黒刀達がロビーに来ると、
「あ、センパイ!」
バッタリ早苗に会った。
「センパイ、見てましたよ!凄かったです!さすが私のセンパイですね!」
「お前ら、帰るぞ。」
黒刀は早苗をスルーして行こうとする。
「って、え~!センパイちょっと~!」
早苗の必死の制止に黒刀は振り向く。
「なんだ?こっちは疲れてるんだ。お前と遊んでいる暇はない。」
「そんなことを言わずに…」
早苗が続きを言いかけたその時。
突然、黒刀と早苗の間に髪の長い銀髪の女性が割り込んできて黒刀の前で立ち止まる。
その女性は肌が白く、瞳は青く、すらっとした体型だが出るところは出て、引っ込むところは引っ込んでいる100人聞けば100人が美しいと呼ぶほど容姿が整っていた。
彼女は優しく微笑んだ。
「久しぶり黒刀君。」
「お前…もしかして真冬か?」
「はい♪」
そう応える彼女の名は白金真冬。
北海道代表白雪高校の代表で黒刀と同じ2年生である。
「どういうご関係なのですか?」
妖夢が訊く。
「中学時代の同級生だ。」
黒刀が簡潔に答える。
「え~私、この方と会ったことありませんよ。」
早苗が口を出す。
「お前が転校してくる前に北海道に引っ越したんだ。
まさか代表になっているとは…。」
「そりゃ私は白雪高校の1位ですから。」
真冬は笑って答えた。
その答えに一同は戦慄する。
「お前が…1位…。」
黒刀が言葉を漏らす。
「黒刀君、あの約束…覚えていますか?」
「約束?」
「あら、忘れてしまったのですか?
もし、私が黒刀君に勝ったら恋人になってくれるって言ったじゃないですか。」
『こ…恋人~⁉』
その言葉に早苗がうろたえだす。
「セ…センパイ、そんなこと言ったんですか?嘘ですよね?」
「い…言った…。」
「え~!…ちょっとあなた!センパイは私のものなんですからね!」
早苗はそう言い放って真冬を指さす。
「黒刀君…何なんですか?さっきからこの女。」
「…元カノだ。」
黒刀は冷や汗が止まらなかった。
「ってことは…私を裏切って彼女を作ったってことですか?」
「い…いや~(姫姉助けて!)」
黒刀が映姫に視線で助けを求めるがそっぽを向かれてしまった。
他の皆にはジト目で睨まれる。
「ま、元カノなら別にいいか…黒刀君、先に言っておくけど私は大将だよ。
もし、2勝2敗になった時、私が勝ったら…付き合ってください。」
「(ここで逃げるわけにはいかないな。)
…いいだろう。ただし勝てたらの話だ。」
「そう言うと思っていました♪」
真冬はそう言って微笑んだ。
「それじゃ、明日の試合楽しみにしてますよ…黒刀君。

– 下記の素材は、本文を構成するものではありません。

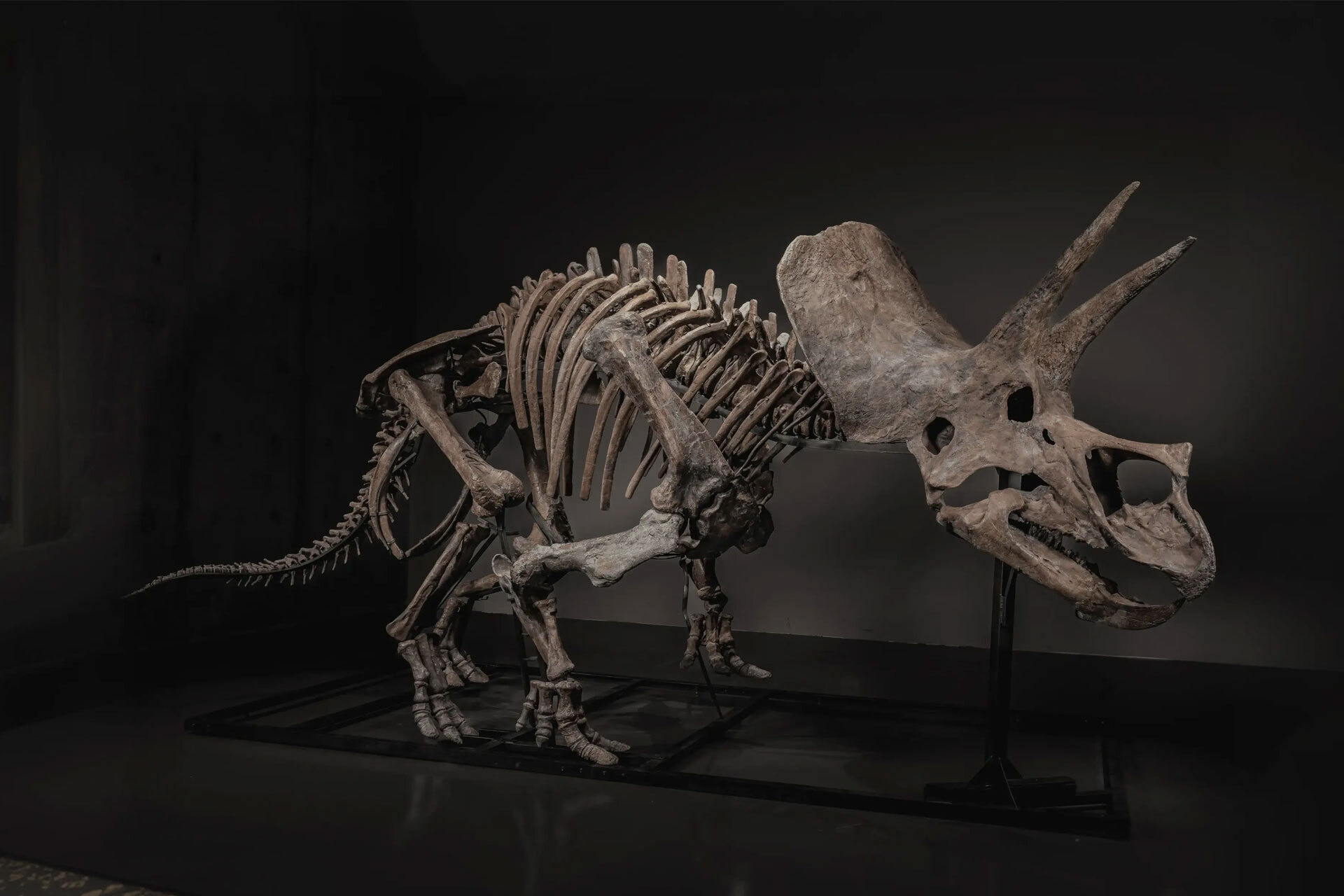For nearly thirty years, Trey stood at the heart of the Wyoming Dinosaur Center in Thermopolis, where more than one million visitors came face to face with the Triceratops. Now, for the first time, he's going up for sale through Pharrell Williams' auction platform. Excavated in 1993 from the Lance Formation near Lusk, Wyoming, Trey measures 17 feet, 4 inches long and stands over 7 feet tall at the horn. Preserved as a sub-adult, his bones have been colored by millions of years of mineral absorption. He is the only museum-exhibited Triceratops skeleton ever to come to auction.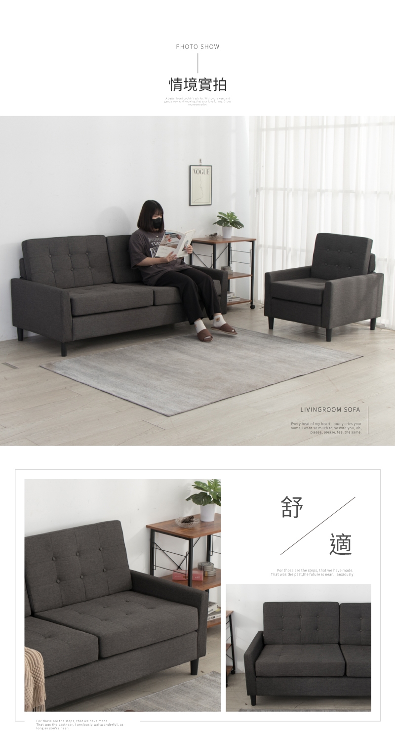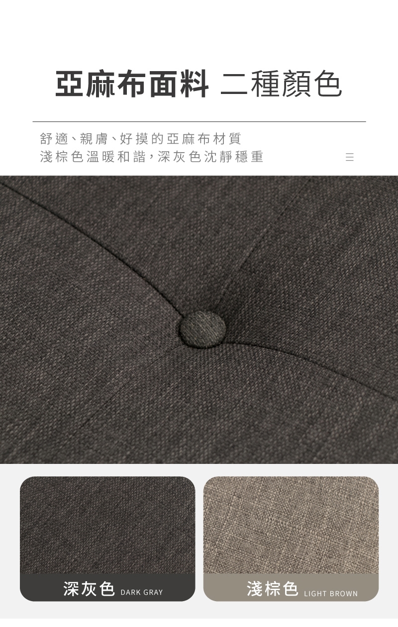 材質:亞麻布+泡棉+木框架+塑膠腳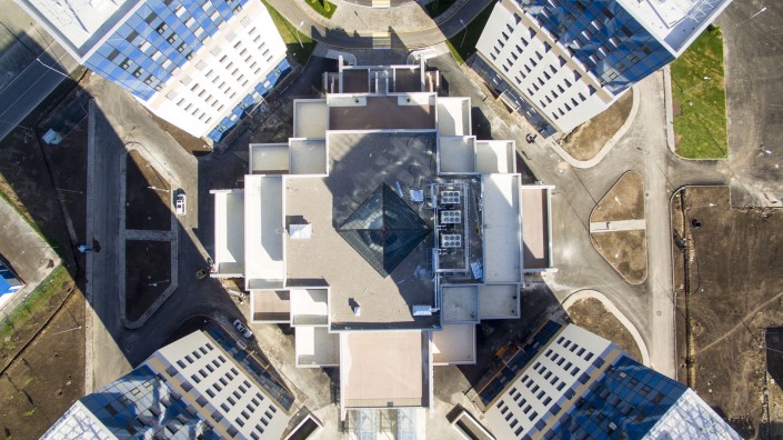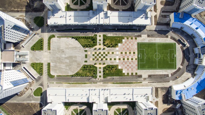 Между 14-этажными жилыми зданиями расположен главный административный центр - операционный блок, в котором во время Универсиады будет располагаться офис организаторов FISU, столовая, рассчитанная на обслуживание 1 000 человек, зона отдыха. Здесь организован музей традиционных музыкальных инструментов с использованием интерактивных технологий.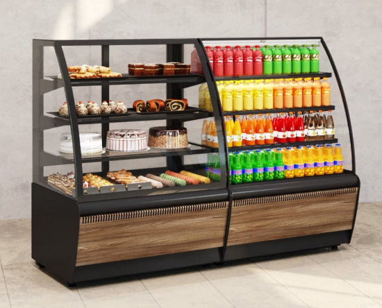 Напольная открытая витрина разработана для охлаждения, непродолжительного хранения и демонстрирования различных хлебобулочных и кондитерских изделий, десертов. Она подходит для ресторанов, кафетериев, кондитерских и прочих организаций общепита и торговли. Равномерное распределение по всему объему камеры обеспечивает динамическая охлаждающая система. У нее нет фронтального стекла. Сбоку у нее имеются прямые стекла, а раздвижные шторки сзади из органического стекла. Надежную термоизоляцию обеспечивает пенополиуретановая изоляция. Бока сделаны из пластика, а корпус – из пищевой стали. Устанавливать витрину рекомендуется не меньше 2 м от приборов отопления. Загораживать воздуховоды нельзя.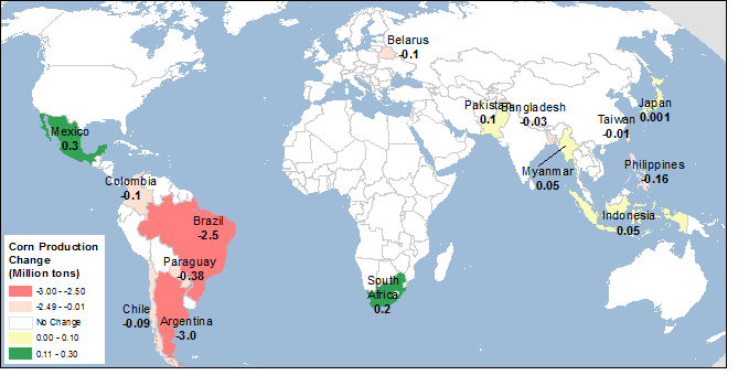 Основным фактором изменений мирового баланса кукурузы в этом месяце является сокращение производства кукурузы в южноамериканских странах – Аргентине, Бразилии и Парагвае. Сокращение производства кукурузы в Южной Америке повышает ценовую конкурентоспособность США и, как ожидается, будет поддерживать более высокие темпы экспортных продаж и поставок кукурузы во второй половине 2017/18 года.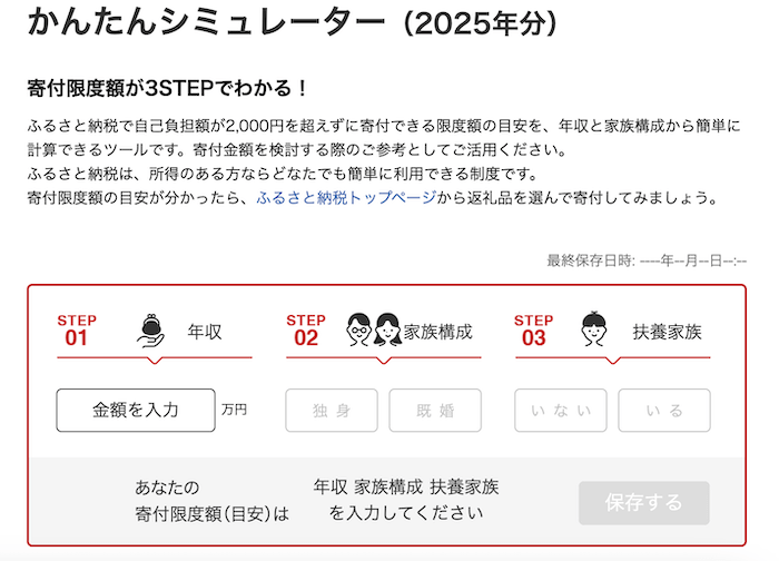 「かんたんシミュレーター」では、年収・家族構成・扶養家族の有無の3ステップで控除上限額の目安が計算できます。

」
真冬はそう言って去った。
フリーズしていた早苗が我に返る。
「ちょ、まだ話は終わってません!センパイ、私も勝ったら…」
「お前、もう帰れよ。」
「扱いひどっ!」
神光学園代表宿泊ホテル。
黒刀はベッドに横たわった。
「疲れた~!」
黒刀がそう言っていると、隣のベッドに座っている映姫は機嫌が悪そうだった。
「何怒っているの?」
「怒っていません。」
「怒っているじゃないか。」
「………ならこの際、はっきり言わせてもらいますけど、黒刀は女性関係に関してだらしがなさすぎです。」
「え、そうなの?」
「そうです!早苗とかさっきの真冬さんとかアリスとかレミリアさんとか!」
「ちょ、なんでアリスとレミリアまで⁉」
「この鈍感!」
映姫はそう言い放って部屋を出て行った。
黒刀が寝た後、映姫はこっそり黒刀がベッドに潜り込んだ。
そして、黒刀の背中からギュッと抱きしめた。
「私だって…やきもちくらい焼くんですからね…。」
映姫は小さい声でつぶやくとそのまま眠った。